What you return must match the listing below exactly, minus any pictures.

*** Opening of Input data ***

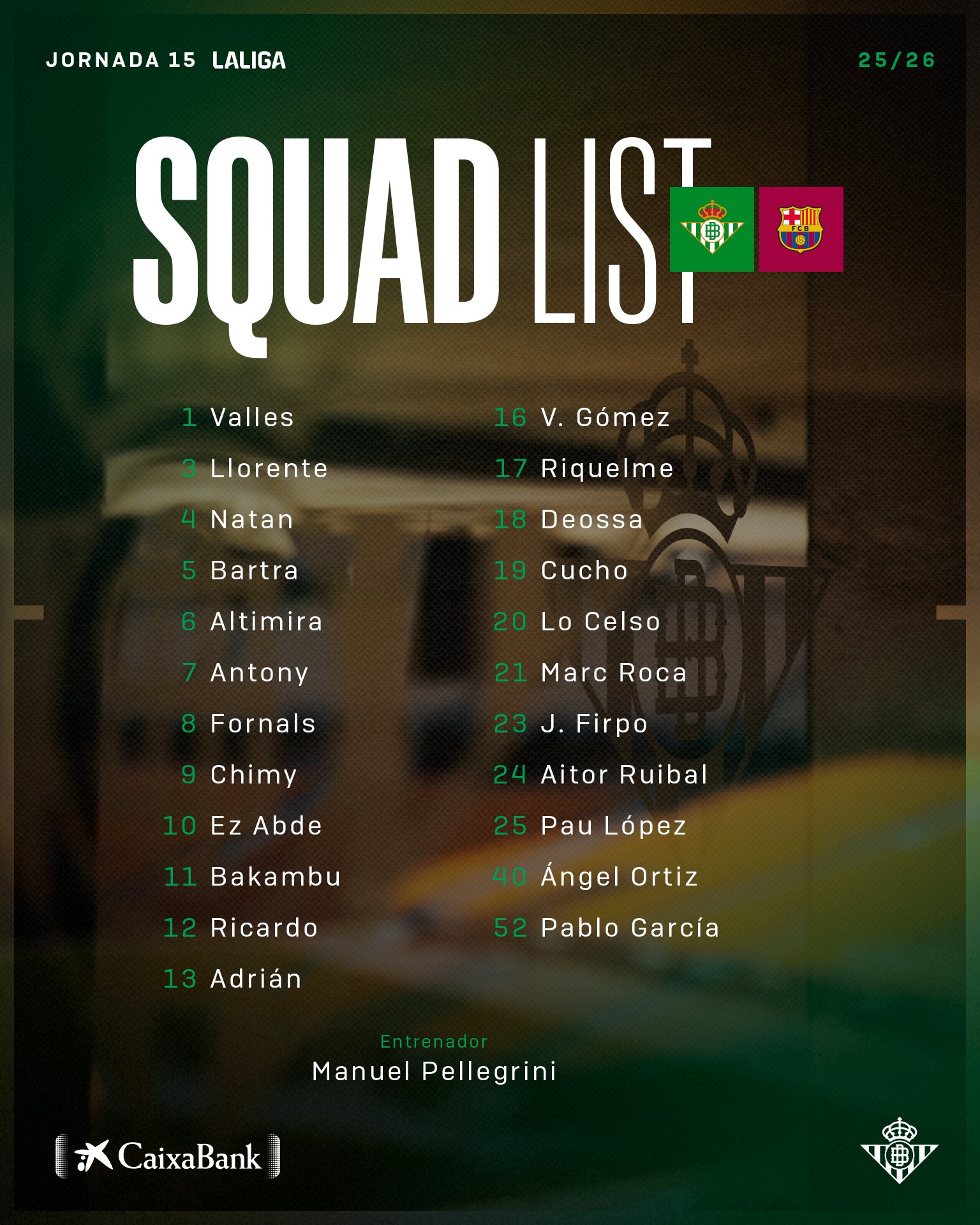 הבטיקוס ממוקמים כרגע במקום החמישי בליגה, בשיוויון נקודות עם אספניול הכיפית והאיך-לעזאזל-היא נמצאת-שם-שתרד-ליגה-כבר. הירוקים לבנים מחזיקים במאזן של 24 נקודות (ב-14 משחקים), ויחס שערים של 22:14. החלק היותר מעניין ופחות יבש לגביי הקבוצה של פלגריני, היא שהיא בפורמה של 8 משחקים ללא הפסד בכל המסגרות (6 נצחונות, 2 תוצאות תיקו), ובעצם למעט ההפסד לאתלטיקו מדריד בסוף אוקטובר, בטיס לא הפסידה מאז ה-31.8 (!!!), אז נכנעה לבילבאו.
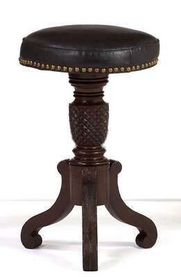 Circular leather-upholstered top above pineapple-carved, urn-form support and three feather-carved scrolled legs.
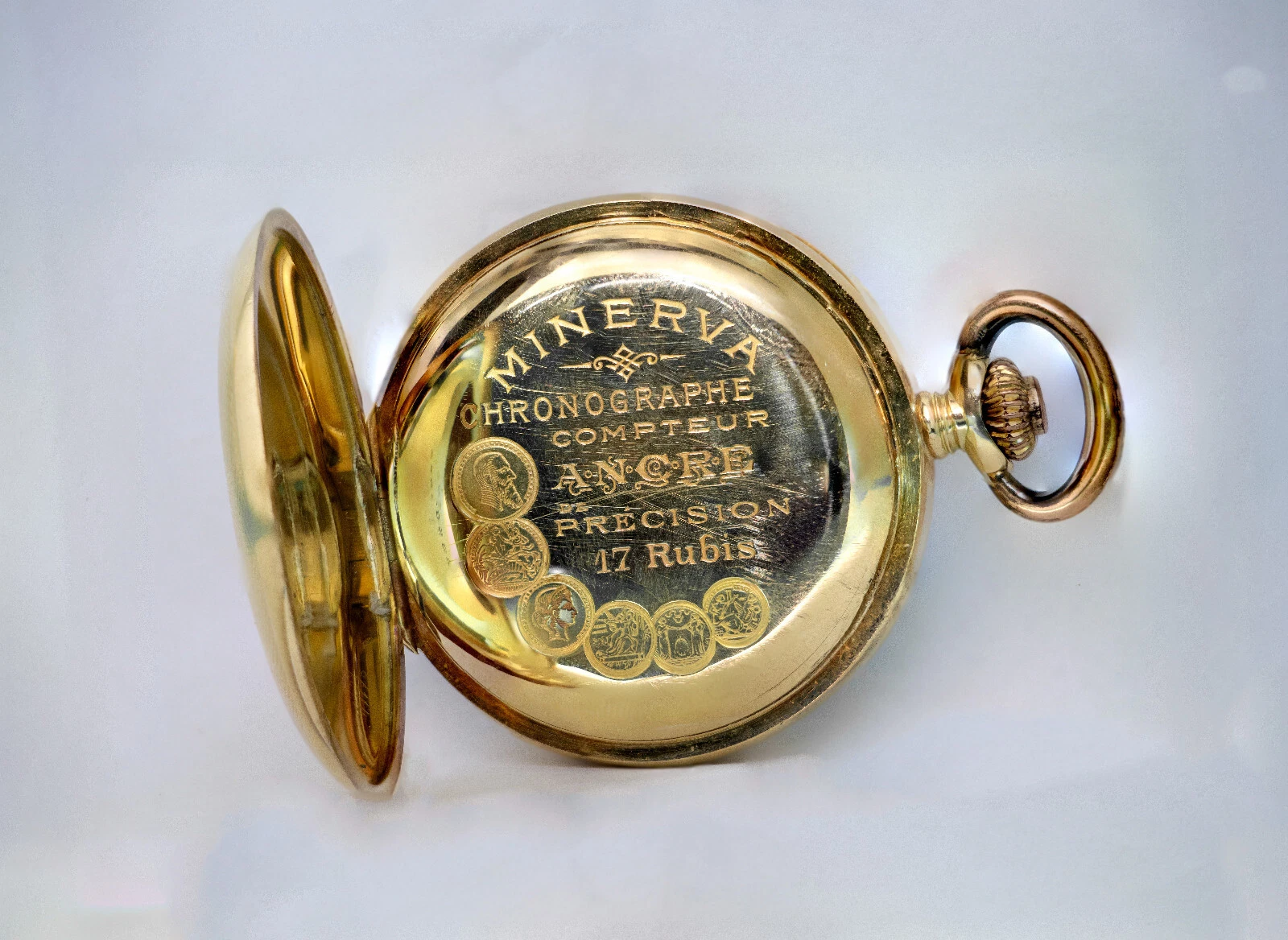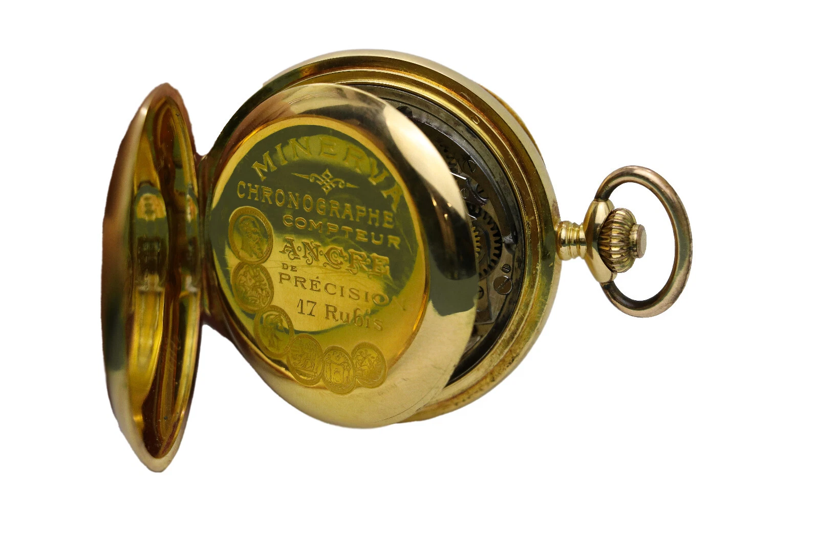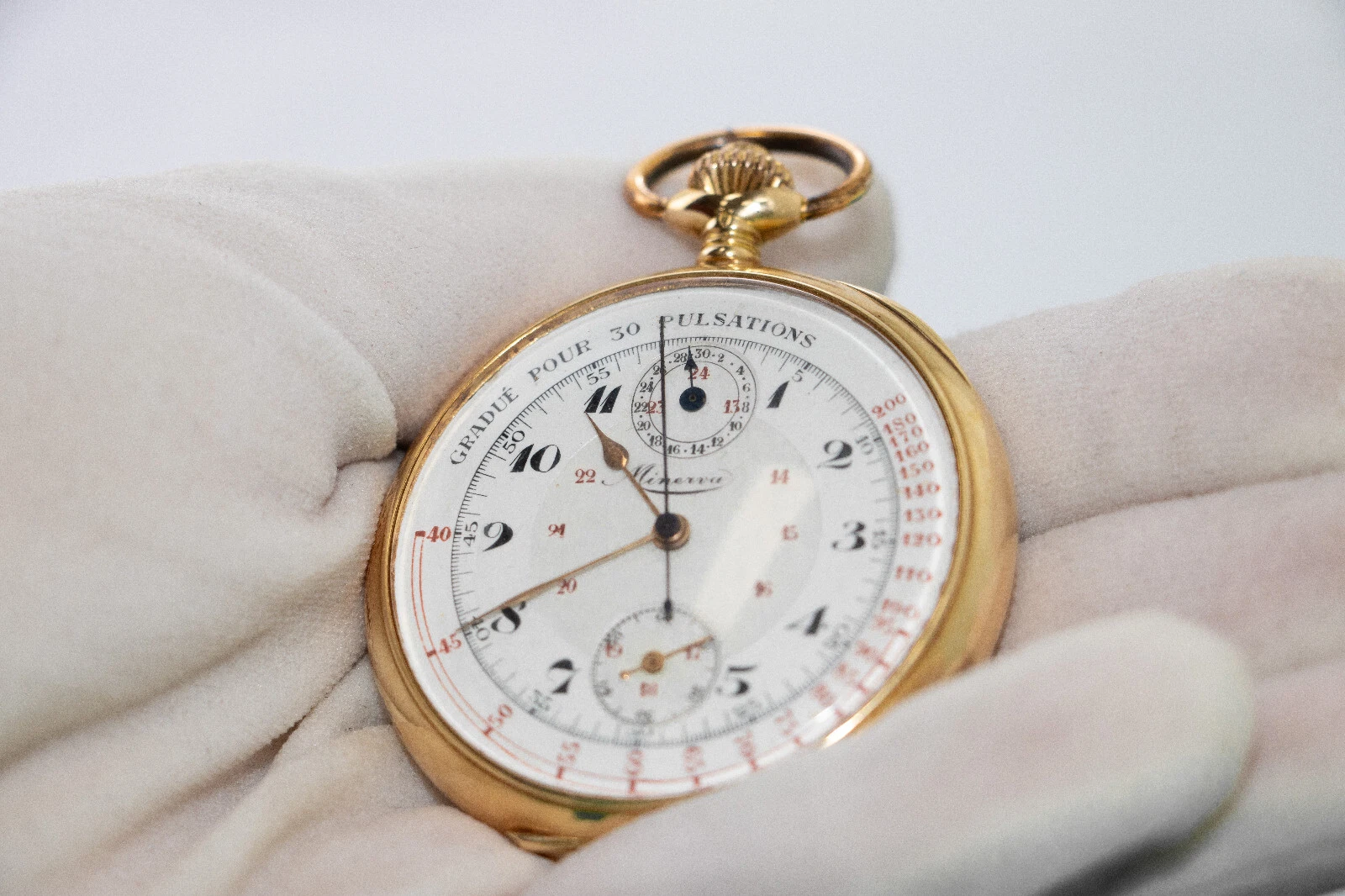 Minerva Chronograph Chronometer 18k Gold Case 17 Rubies Compteur Ancre Precision

*** Close of Input data ***

Answer for the task
 הבטיקוס ממוקמים כרגע במקום החמישי בליגה, בשיוויון נקודות עם אספניול הכיפית והאיך-לעזאזל-היא נמצאת-שם-שתרד-ליגה-כבר. הירוקים לבנים מחזיקים במאזן של 24 נקודות (ב-14 משחקים), ויחס שערים של 22:14. החלק היותר מעניין ופחות יבש לגביי הקבוצה של פלגריני, היא שהיא בפורמה של 8 משחקים ללא הפסד בכל המסגרות (6 נצחונות, 2 תוצאות תיקו), ובעצם למעט ההפסד לאתלטיקו מדריד בסוף אוקטובר, בטיס לא הפסידה מאז ה-31.8 (!!!), אז נכנעה לבילבאו.
 Circular leather-upholstered top above pineapple-carved, urn-form support and three feather-carved scrolled legs.
 Minerva Chronograph Chronometer 18k Gold Case 17 Rubies Compteur Ancre Precision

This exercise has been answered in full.